_What you need to do_: An exact reprint of the listing is required, with no pictures included.

_Information shown_:
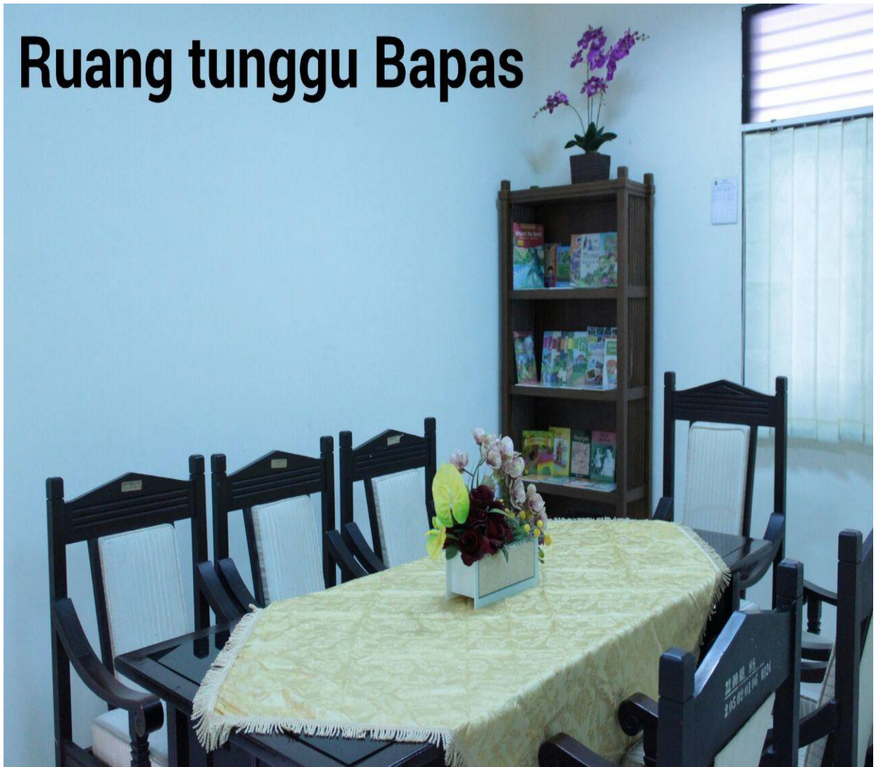
RUANG TUNGGU PK. BAPAS, PENASIHAT HUKUM DAN PEKERJA SOSIAL
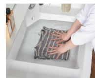
C 排水量が大きいボール、水がたまりにくいため、水を気にせずに大きな衣類もしっかり洗えます。
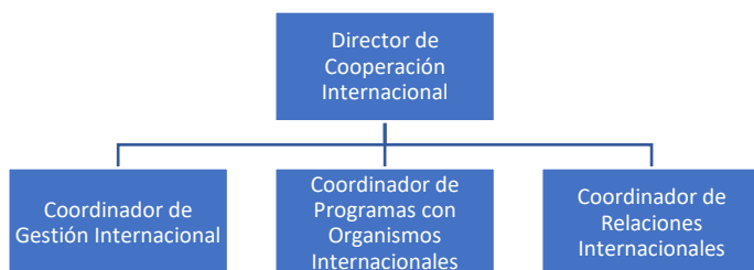
Figura 2. Propuesta de Estructura de la Unidad de Cooperación Internacional

_Result of the exercise_:
RUANG TUNGGU PK. BAPAS, PENASIHAT HUKUM DAN PEKERJA SOSIAL
C 排水量が大きいボール、水がたまりにくいため、水を気にせずに大きな衣類もしっかり洗えます。
Figura 2. Propuesta de Estructura de la Unidad de Cooperación Internacional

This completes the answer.